- _Exercise_: Records follow. Print exactly the lines from the one that has "为了丰富输出类型,再添一个谋" through the one that has "Костюм Строй-1 CH", inclusive, and omit the pictures.

- _Records to use_:
--- START ---
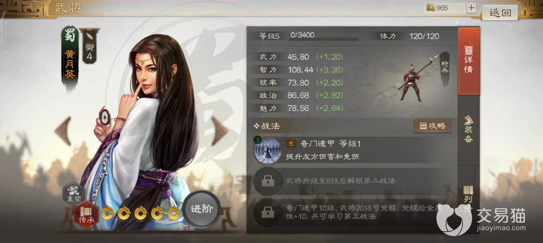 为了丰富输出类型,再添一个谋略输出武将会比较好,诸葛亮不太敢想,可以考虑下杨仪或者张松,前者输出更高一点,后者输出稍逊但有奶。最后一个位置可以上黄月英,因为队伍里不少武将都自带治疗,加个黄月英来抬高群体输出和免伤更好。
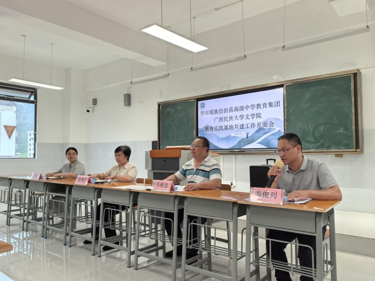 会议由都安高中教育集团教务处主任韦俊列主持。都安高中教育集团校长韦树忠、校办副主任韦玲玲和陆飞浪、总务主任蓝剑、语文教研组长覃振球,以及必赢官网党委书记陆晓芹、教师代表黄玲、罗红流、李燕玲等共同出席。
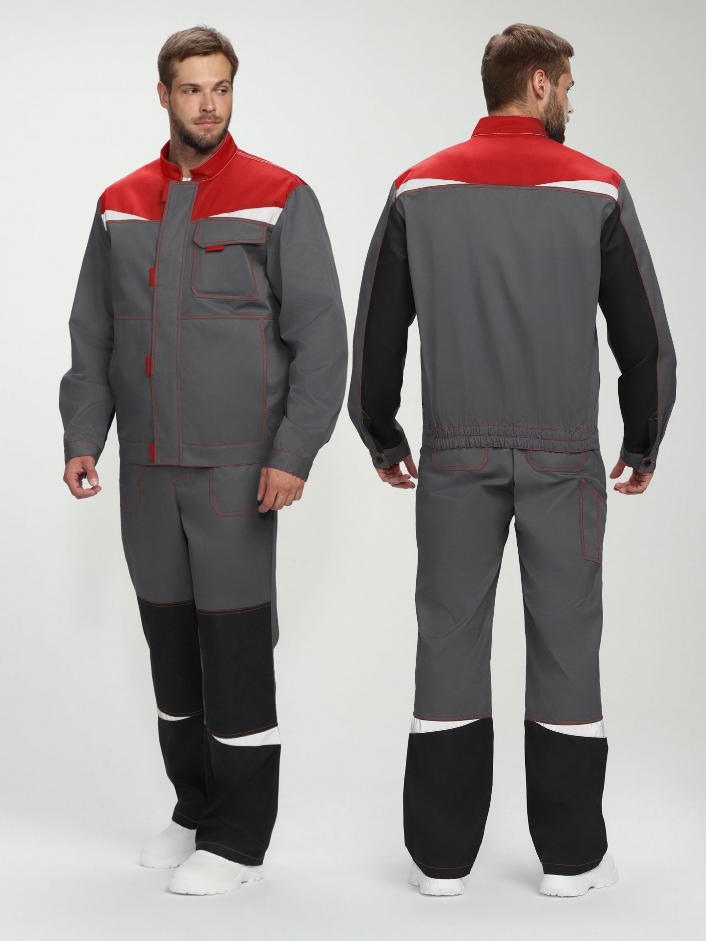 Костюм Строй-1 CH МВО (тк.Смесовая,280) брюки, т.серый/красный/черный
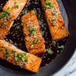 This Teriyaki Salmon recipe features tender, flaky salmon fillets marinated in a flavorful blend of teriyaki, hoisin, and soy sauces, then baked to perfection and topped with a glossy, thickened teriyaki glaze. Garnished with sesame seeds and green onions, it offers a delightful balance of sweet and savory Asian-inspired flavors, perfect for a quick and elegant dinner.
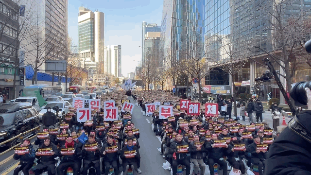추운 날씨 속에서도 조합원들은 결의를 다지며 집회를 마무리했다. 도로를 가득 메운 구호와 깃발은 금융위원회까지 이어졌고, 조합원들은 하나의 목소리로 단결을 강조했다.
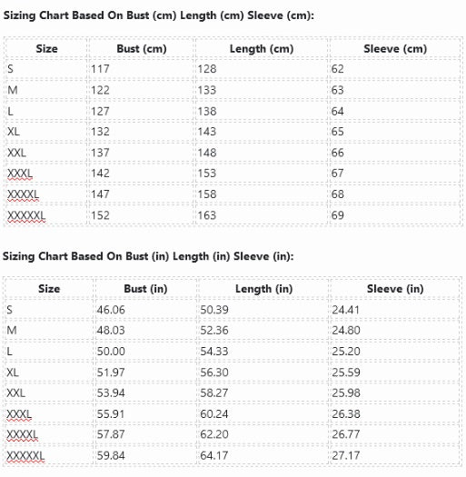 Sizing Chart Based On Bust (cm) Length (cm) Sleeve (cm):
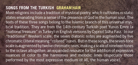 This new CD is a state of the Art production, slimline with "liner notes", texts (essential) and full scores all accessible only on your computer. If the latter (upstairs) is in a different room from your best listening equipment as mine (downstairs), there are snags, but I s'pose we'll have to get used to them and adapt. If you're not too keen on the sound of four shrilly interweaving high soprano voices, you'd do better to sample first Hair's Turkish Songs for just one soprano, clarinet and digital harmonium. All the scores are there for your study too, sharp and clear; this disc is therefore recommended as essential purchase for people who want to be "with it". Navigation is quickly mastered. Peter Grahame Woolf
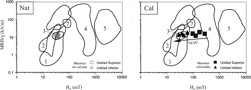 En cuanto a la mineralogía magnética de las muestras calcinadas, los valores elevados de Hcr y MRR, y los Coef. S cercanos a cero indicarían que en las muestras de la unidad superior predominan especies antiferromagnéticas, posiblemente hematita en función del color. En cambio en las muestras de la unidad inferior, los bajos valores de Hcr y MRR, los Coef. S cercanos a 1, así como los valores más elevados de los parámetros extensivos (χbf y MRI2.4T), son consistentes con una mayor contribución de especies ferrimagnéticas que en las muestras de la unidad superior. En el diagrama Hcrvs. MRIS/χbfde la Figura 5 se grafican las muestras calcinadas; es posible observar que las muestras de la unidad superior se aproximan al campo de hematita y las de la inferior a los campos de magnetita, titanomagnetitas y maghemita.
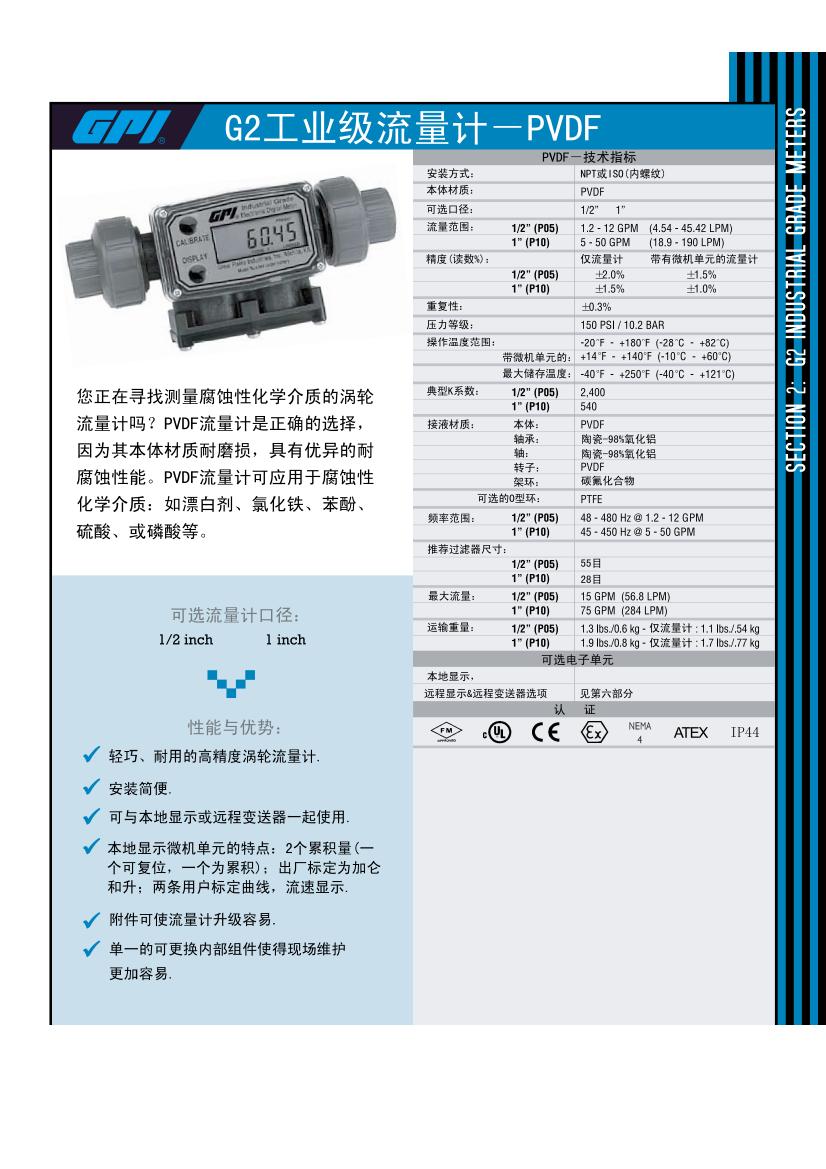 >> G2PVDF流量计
--- END ---
--- START ---
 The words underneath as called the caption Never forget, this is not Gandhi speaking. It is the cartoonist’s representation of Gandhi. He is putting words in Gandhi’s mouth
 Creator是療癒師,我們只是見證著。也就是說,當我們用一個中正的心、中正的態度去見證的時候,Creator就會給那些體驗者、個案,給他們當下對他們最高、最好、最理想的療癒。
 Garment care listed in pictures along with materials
--- END ---
--- START ---
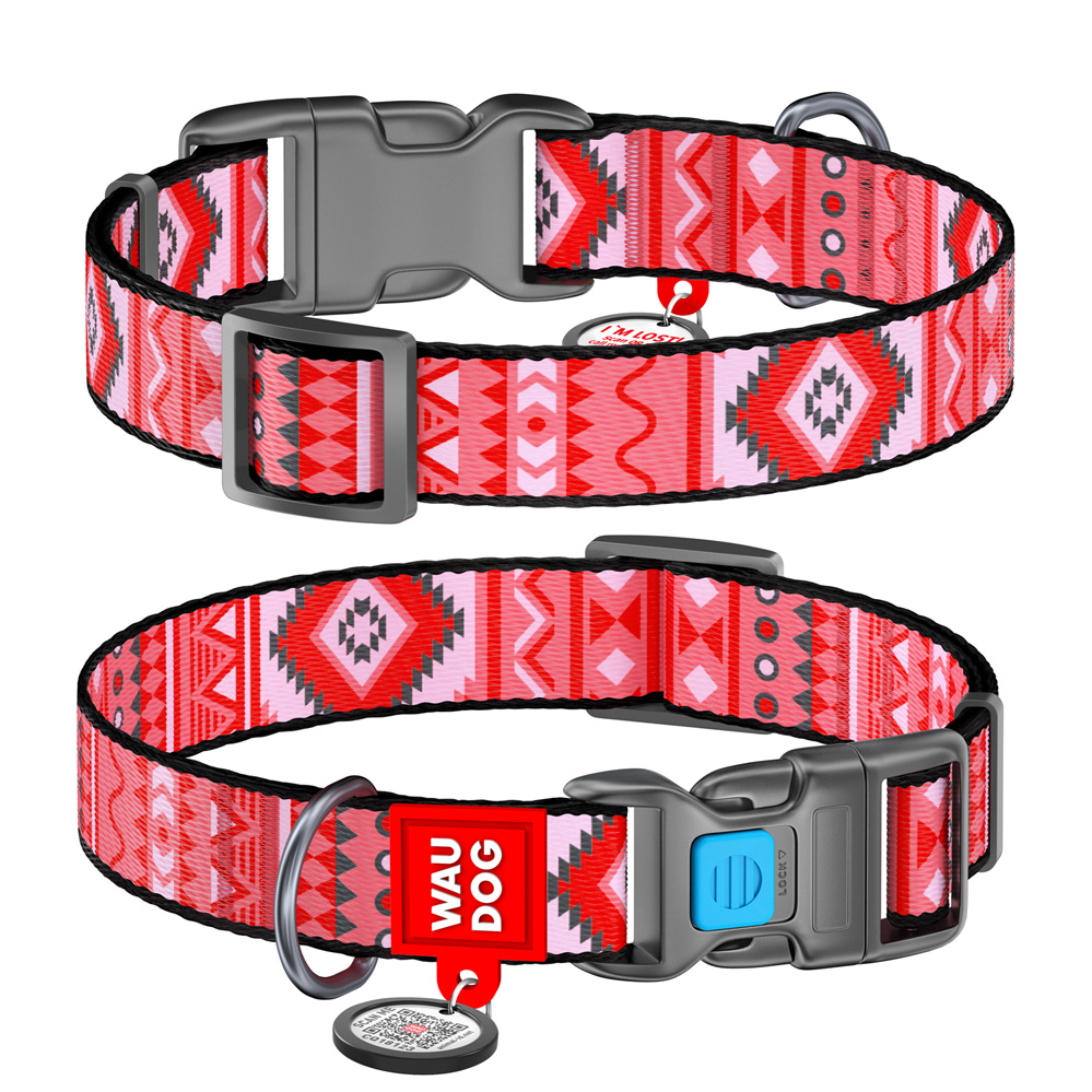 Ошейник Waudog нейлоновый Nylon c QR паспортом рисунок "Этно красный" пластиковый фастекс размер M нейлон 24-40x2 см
--- END ---
- _Response area_:
 为了丰富输出类型,再添一个谋略输出武将会比较好,诸葛亮不太敢想,可以考虑下杨仪或者张松,前者输出更高一点,后者输出稍逊但有奶。最后一个位置可以上黄月英,因为队伍里不少武将都自带治疗,加个黄月英来抬高群体输出和免伤更好。
 会议由都安高中教育集团教务处主任韦俊列主持。都安高中教育集团校长韦树忠、校办副主任韦玲玲和陆飞浪、总务主任蓝剑、语文教研组长覃振球,以及必赢官网党委书记陆晓芹、教师代表黄玲、罗红流、李燕玲等共同出席。
 Костюм Строй-1 CH МВО (тк.Смесовая,280) брюки, т.серый/красный/черный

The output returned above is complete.